*** Opening GIVEN RECORDS ***
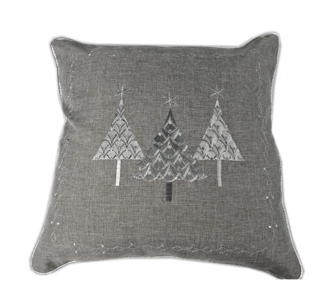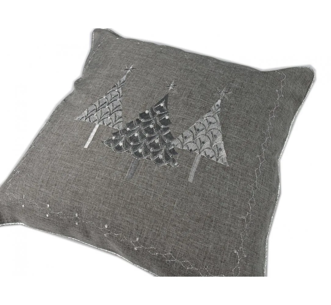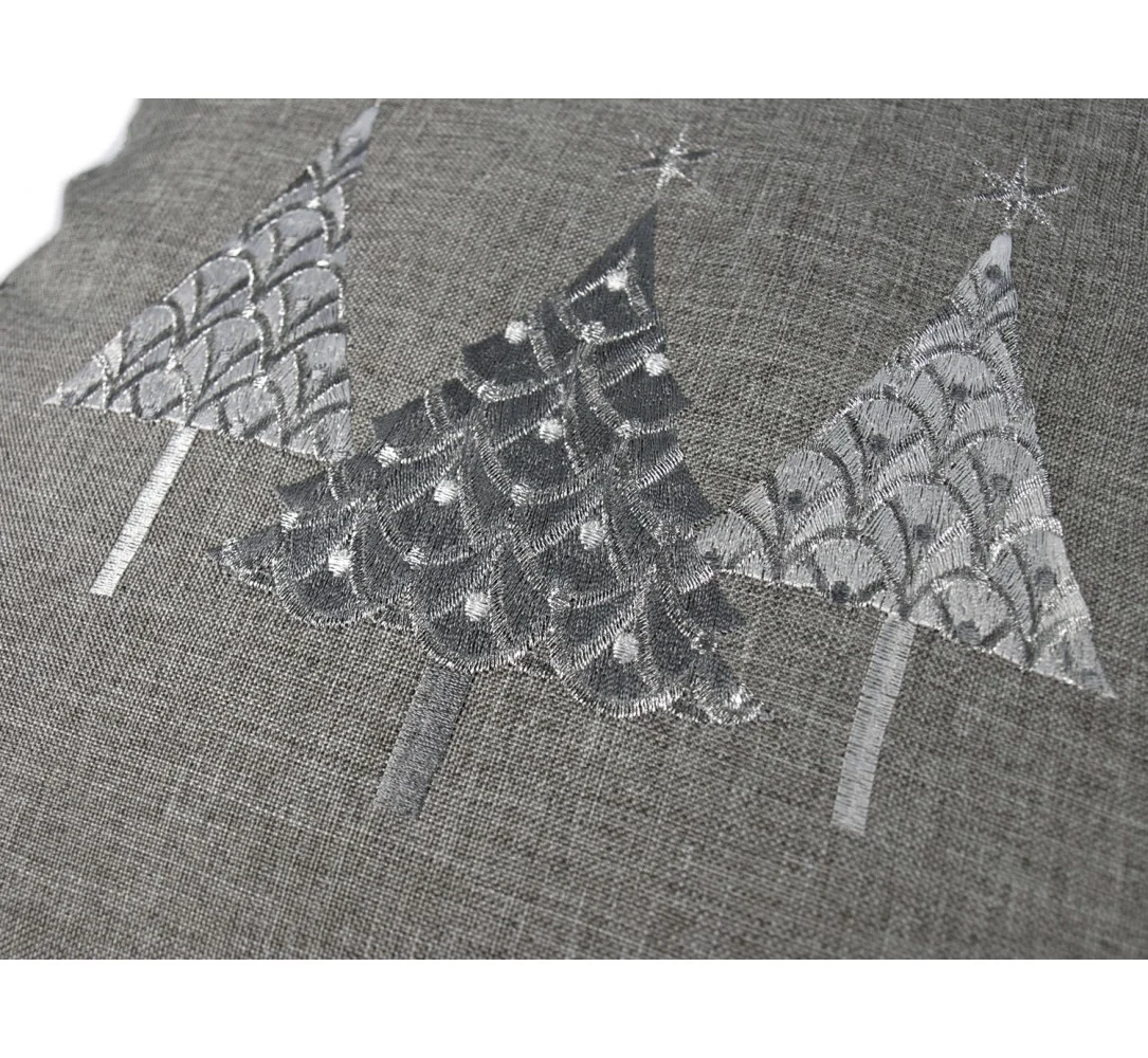 Poszewka jest w kolorze szaro srebrnym z precyzyjnie wyhaftowanym motywem choinki, gwiazdek która magicznie podkreśli klimat Świąt Bożego Narodzenia. To drobna wizytówka każdego domowego ogniska oraz dodatek do każdego wnętrza na specjalne uroczyste okazje jakim jest okres Świat Bożego Narodzenia.
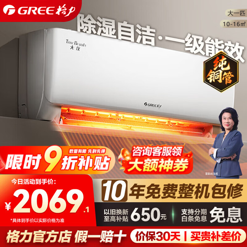 格力(GREE)空调1.5匹/大一匹 天仪 挂式机 壁挂式卧室空调挂机 新一级能效 变频冷暖自清洁以旧换新 国家补贴 天仪 大1匹 一级能效丨适用【10-16㎡】
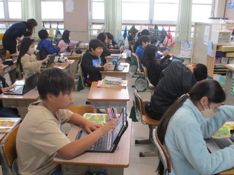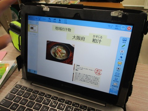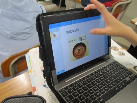 2組の家庭科です。地域の汁物と日本の保存食について,タブレットで調べて,資料にまとめています。
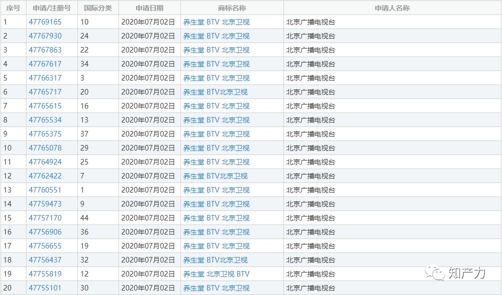 但笔者在中国商标网查询发现,北京电视台(含北京广播电视台,下同)此前从未申请注册过“养生堂”商标,直到2020年7月(对,你没看错,就是今年),才似乎“后知后觉”地申请注册了第一批共43件“养生堂BTV北京卫视”商标。目前这些商标还处于审查阶段。
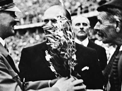 Αυτό ακριβώς έγινε και όταν τον κάλεσε ο Αδόλφος Χίτλερ να συμμετάσχει στην τελετή έναρξης των Ολυμπιακών Αγώνων του Βερολίνου το 1936! Ο ηγέτης της ναζιστικής Γερμανίας τον ήθελε εκεί ως σύμβολο των πρώτων σύγχρονων Ολυμπιακών Αγώνων. Κατά τη διάρκεια της τελετής, μάλιστα, οι δυο τους συναντήθηκαν μπροστά από την εξέδρα των επισήμων με τον Λουή να μη χαιρετά ναζιστικά τον αρχηγό του Γ' Ράιχ αλλά να του δίνει ένα κλαδί ελιάς σαν σύμβολο ειρήνης!
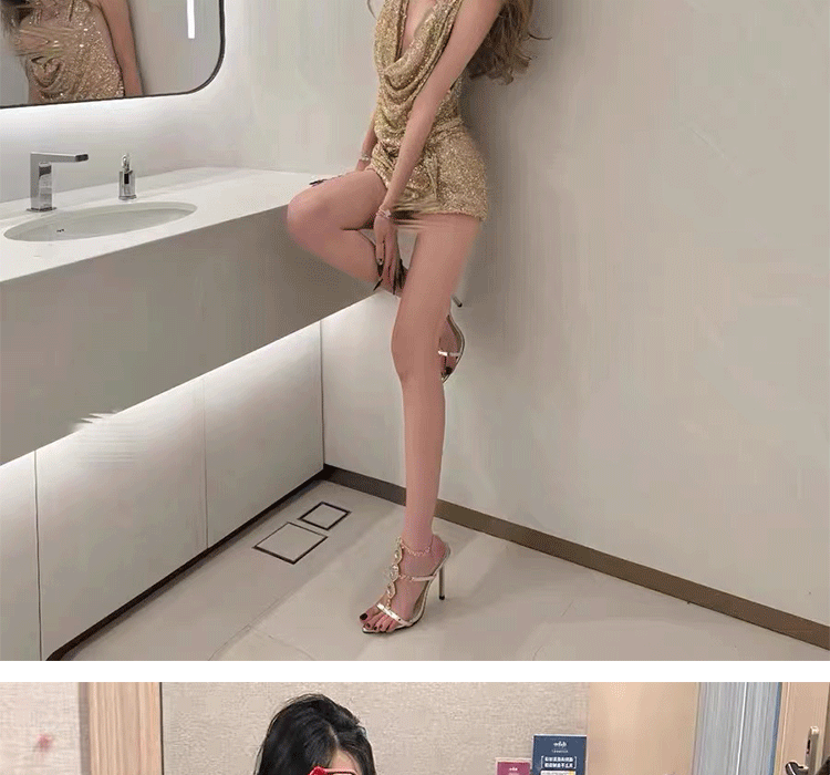 2025 년 여름 새 도착 보석 라인스톤 체인 골드 포인팅 하이힐 여성 우아한 왕실 자매 스틸레토 힐 오픈 발가락 샌들스토어 가기
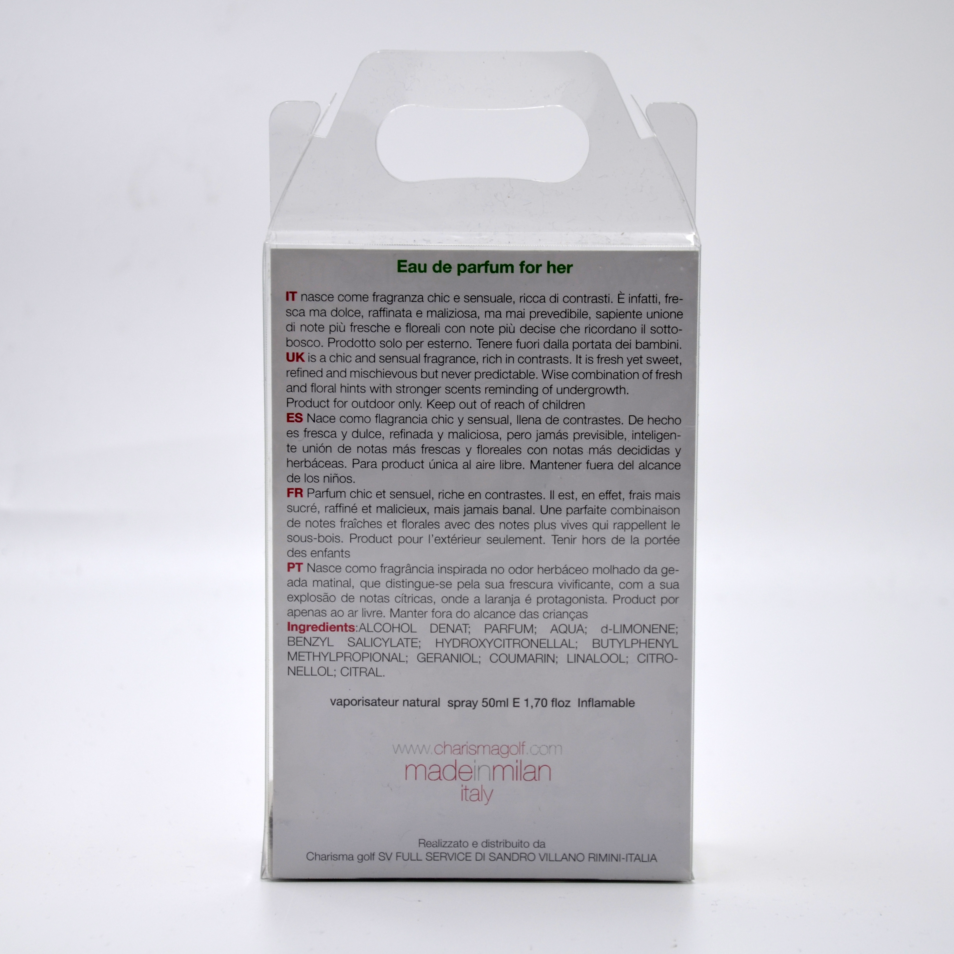 Feature Charismagolf for her, is a chic and sensual fragrance, rich in contrasts | It is fresh yet sweet, refined and mischievous but never predictable. Wise combination of fresh and floral hints with stronger scents reminding of undergrowth. At first, the fragrance is both fresh and sweet thanks to the blend of important Orange hints, floral Neroli and sweet Raspberry scents. The core includes sensual Orange, Gardenia and Jasmine flower fragrances. Lastly, these fresh floral notes are replaced by undergrowth nuances composed of patchouli, Cashmeran wood and sweet hints of honey and vanilla. | |||
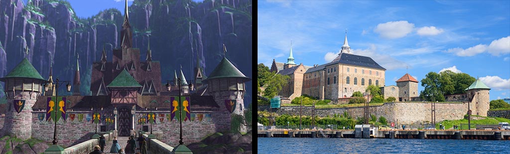 Учитывая, что «Холодное сердце» было вдохновлено скандинавской легендой, неудивительно, что замок в Эренделле, вымышленной стране фильма, основан на скандинавской архитектуре. Дворец украшен множеством панелей и колокольней, увенчанной шпилем. Укрепление вокруг замка основано на форте Акерсхус, первоначально бывшем военной цитаделью недалеко от Осло. С другой стороны, реальная резиденция была вдохновлена чем-то совершенно другим. Нарисованный дворец сделан из дерева. Эта деталь на самом деле не похожа на замок, но она больше похожа на норвежскую деревянную церковь, как церковь в Боргунде.
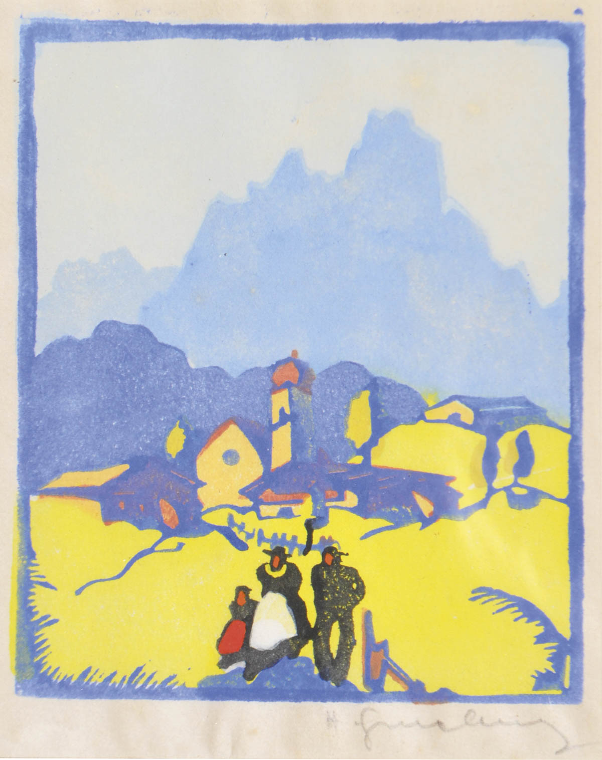 Herbert Gurschner (Innsbruck 1901 – London/Londra 1975) Di ritorno, Tirolo;Xilografia a colori, 12,5 x 10,5 cm (immagine)
*** Closing GIVEN RECORDS ***
▶ _YOUR ASSIGNMENT_
A verbatim copy of the records is expected, from their first line through the line with "Feature Charismagolf for", inclusive, with the pictures removed.

▶ _RESULT OF THIS EXERCISE_
 Poszewka jest w kolorze szaro srebrnym z precyzyjnie wyhaftowanym motywem choinki, gwiazdek która magicznie podkreśli klimat Świąt Bożego Narodzenia. To drobna wizytówka każdego domowego ogniska oraz dodatek do każdego wnętrza na specjalne uroczyste okazje jakim jest okres Świat Bożego Narodzenia.
 格力(GREE)空调1.5匹/大一匹 天仪 挂式机 壁挂式卧室空调挂机 新一级能效 变频冷暖自清洁以旧换新 国家补贴 天仪 大1匹 一级能效丨适用【10-16㎡】
 2組の家庭科です。地域の汁物と日本の保存食について,タブレットで調べて,資料にまとめています。
 但笔者在中国商标网查询发现,北京电视台(含北京广播电视台,下同)此前从未申请注册过“养生堂”商标,直到2020年7月(对,你没看错,就是今年),才似乎“后知后觉”地申请注册了第一批共43件“养生堂BTV北京卫视”商标。目前这些商标还处于审查阶段。
 Αυτό ακριβώς έγινε και όταν τον κάλεσε ο Αδόλφος Χίτλερ να συμμετάσχει στην τελετή έναρξης των Ολυμπιακών Αγώνων του Βερολίνου το 1936! Ο ηγέτης της ναζιστικής Γερμανίας τον ήθελε εκεί ως σύμβολο των πρώτων σύγχρονων Ολυμπιακών Αγώνων. Κατά τη διάρκεια της τελετής, μάλιστα, οι δυο τους συναντήθηκαν μπροστά από την εξέδρα των επισήμων με τον Λουή να μη χαιρετά ναζιστικά τον αρχηγό του Γ' Ράιχ αλλά να του δίνει ένα κλαδί ελιάς σαν σύμβολο ειρήνης!
 2025 년 여름 새 도착 보석 라인스톤 체인 골드 포인팅 하이힐 여성 우아한 왕실 자매 스틸레토 힐 오픈 발가락 샌들스토어 가기
 Feature Charismagolf for her, is a chic and sensual fragrance, rich in contrasts | It is fresh yet sweet, refined and mischievous but never predictable. Wise combination of fresh and floral hints with stronger scents reminding of undergrowth. At first, the fragrance is both fresh and sweet thanks to the blend of important Orange hints, floral Neroli and sweet Raspberry scents. The core includes sensual Orange, Gardenia and Jasmine flower fragrances. Lastly, these fresh floral notes are replaced by undergrowth nuances composed of patchouli, Cashmeran wood and sweet hints of honey and vanilla. | |||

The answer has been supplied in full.